Start of Input data

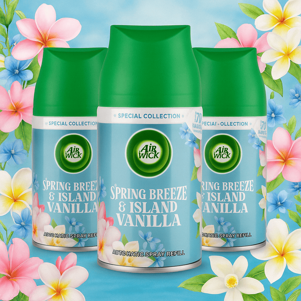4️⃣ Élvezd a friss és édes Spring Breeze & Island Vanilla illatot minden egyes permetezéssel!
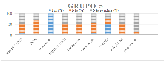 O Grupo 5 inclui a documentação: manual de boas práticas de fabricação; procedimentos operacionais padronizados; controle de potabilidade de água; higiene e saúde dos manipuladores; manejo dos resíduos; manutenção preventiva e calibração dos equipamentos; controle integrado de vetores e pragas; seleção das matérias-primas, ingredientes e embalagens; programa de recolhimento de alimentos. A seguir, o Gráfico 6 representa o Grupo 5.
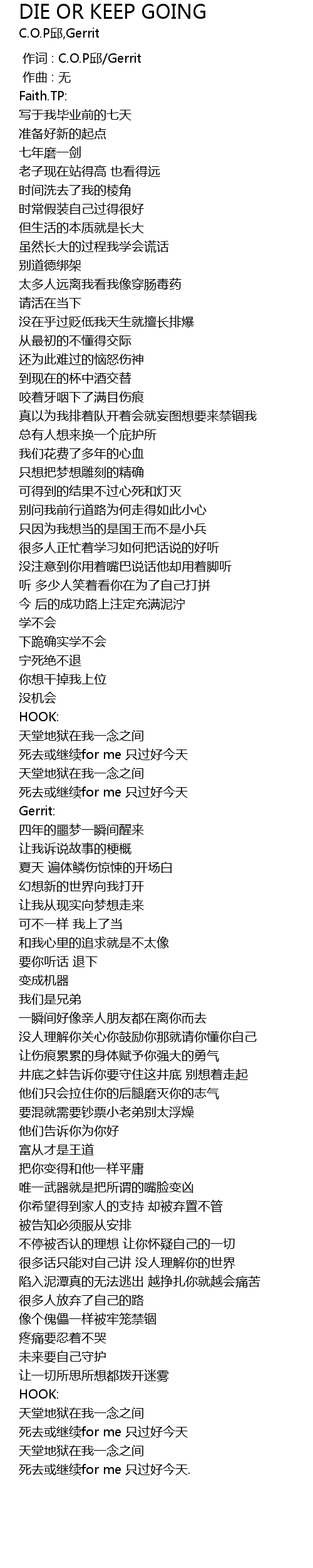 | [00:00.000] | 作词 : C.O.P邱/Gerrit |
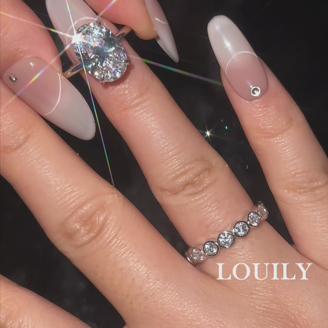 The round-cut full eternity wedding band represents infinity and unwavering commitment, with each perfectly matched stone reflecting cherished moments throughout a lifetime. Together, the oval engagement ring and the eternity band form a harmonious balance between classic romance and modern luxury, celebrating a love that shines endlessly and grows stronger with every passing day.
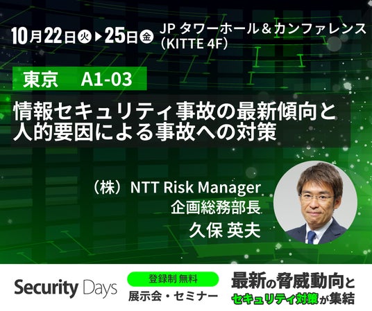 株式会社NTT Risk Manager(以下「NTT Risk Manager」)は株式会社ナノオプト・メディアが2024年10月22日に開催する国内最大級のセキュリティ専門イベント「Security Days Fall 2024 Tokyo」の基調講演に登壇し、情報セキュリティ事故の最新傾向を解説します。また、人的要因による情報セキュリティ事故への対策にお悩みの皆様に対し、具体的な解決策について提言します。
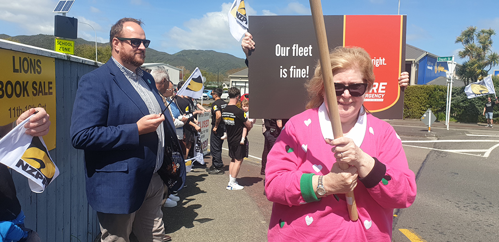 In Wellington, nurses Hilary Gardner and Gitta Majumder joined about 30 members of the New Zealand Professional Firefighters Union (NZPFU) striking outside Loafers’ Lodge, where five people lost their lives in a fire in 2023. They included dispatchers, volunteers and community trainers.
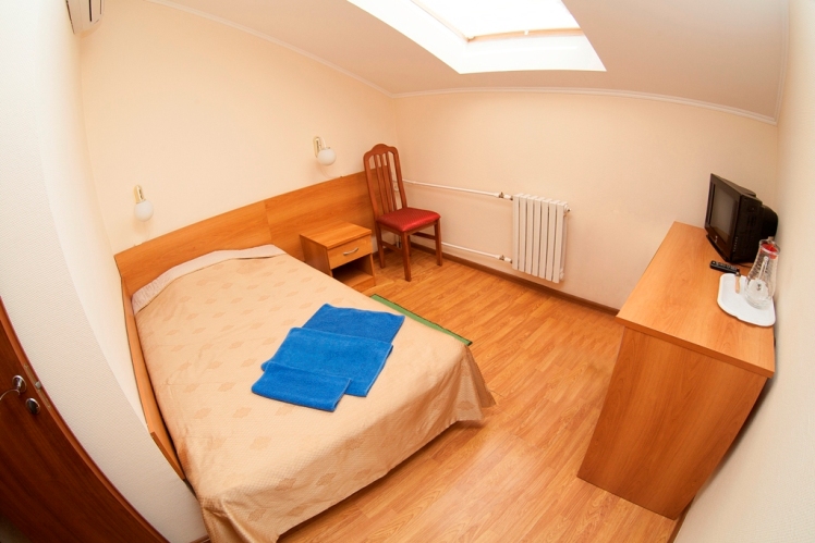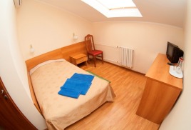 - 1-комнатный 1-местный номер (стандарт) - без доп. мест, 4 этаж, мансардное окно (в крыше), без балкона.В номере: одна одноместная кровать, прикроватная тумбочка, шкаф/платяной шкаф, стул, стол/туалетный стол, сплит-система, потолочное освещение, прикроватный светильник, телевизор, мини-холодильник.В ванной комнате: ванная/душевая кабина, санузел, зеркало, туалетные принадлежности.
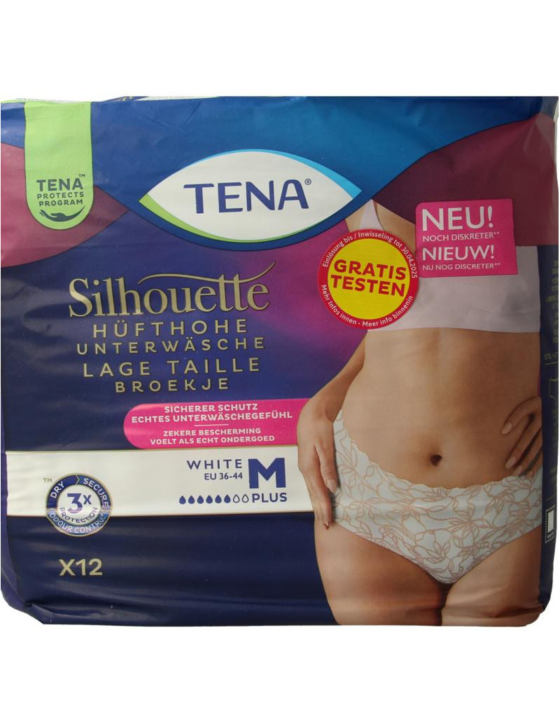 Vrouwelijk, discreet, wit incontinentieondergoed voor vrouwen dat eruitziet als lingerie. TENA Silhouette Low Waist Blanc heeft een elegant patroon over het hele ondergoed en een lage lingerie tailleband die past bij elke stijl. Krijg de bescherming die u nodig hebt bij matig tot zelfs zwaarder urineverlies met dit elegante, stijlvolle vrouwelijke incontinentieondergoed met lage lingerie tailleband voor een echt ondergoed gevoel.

End of Input data

Exercise goal: Copy each entry exactly as written, and drop the pictures from the copy.

Finished task:
4️⃣ Élvezd a friss és édes Spring Breeze & Island Vanilla illatot minden egyes permetezéssel!
 O Grupo 5 inclui a documentação: manual de boas práticas de fabricação; procedimentos operacionais padronizados; controle de potabilidade de água; higiene e saúde dos manipuladores; manejo dos resíduos; manutenção preventiva e calibração dos equipamentos; controle integrado de vetores e pragas; seleção das matérias-primas, ingredientes e embalagens; programa de recolhimento de alimentos. A seguir, o Gráfico 6 representa o Grupo 5.
 | [00:00.000] | 作词 : C.O.P邱/Gerrit |
 The round-cut full eternity wedding band represents infinity and unwavering commitment, with each perfectly matched stone reflecting cherished moments throughout a lifetime. Together, the oval engagement ring and the eternity band form a harmonious balance between classic romance and modern luxury, celebrating a love that shines endlessly and grows stronger with every passing day.
 株式会社NTT Risk Manager(以下「NTT Risk Manager」)は株式会社ナノオプト・メディアが2024年10月22日に開催する国内最大級のセキュリティ専門イベント「Security Days Fall 2024 Tokyo」の基調講演に登壇し、情報セキュリティ事故の最新傾向を解説します。また、人的要因による情報セキュリティ事故への対策にお悩みの皆様に対し、具体的な解決策について提言します。
 In Wellington, nurses Hilary Gardner and Gitta Majumder joined about 30 members of the New Zealand Professional Firefighters Union (NZPFU) striking outside Loafers’ Lodge, where five people lost their lives in a fire in 2023. They included dispatchers, volunteers and community trainers.
 - 1-комнатный 1-местный номер (стандарт) - без доп. мест, 4 этаж, мансардное окно (в крыше), без балкона.В номере: одна одноместная кровать, прикроватная тумбочка, шкаф/платяной шкаф, стул, стол/туалетный стол, сплит-система, потолочное освещение, прикроватный светильник, телевизор, мини-холодильник.В ванной комнате: ванная/душевая кабина, санузел, зеркало, туалетные принадлежности.
 Vrouwelijk, discreet, wit incontinentieondergoed voor vrouwen dat eruitziet als lingerie. TENA Silhouette Low Waist Blanc heeft een elegant patroon over het hele ondergoed en een lage lingerie tailleband die past bij elke stijl. Krijg de bescherming die u nodig hebt bij matig tot zelfs zwaarder urineverlies met dit elegante, stijlvolle vrouwelijke incontinentieondergoed met lage lingerie tailleband voor een echt ondergoed gevoel.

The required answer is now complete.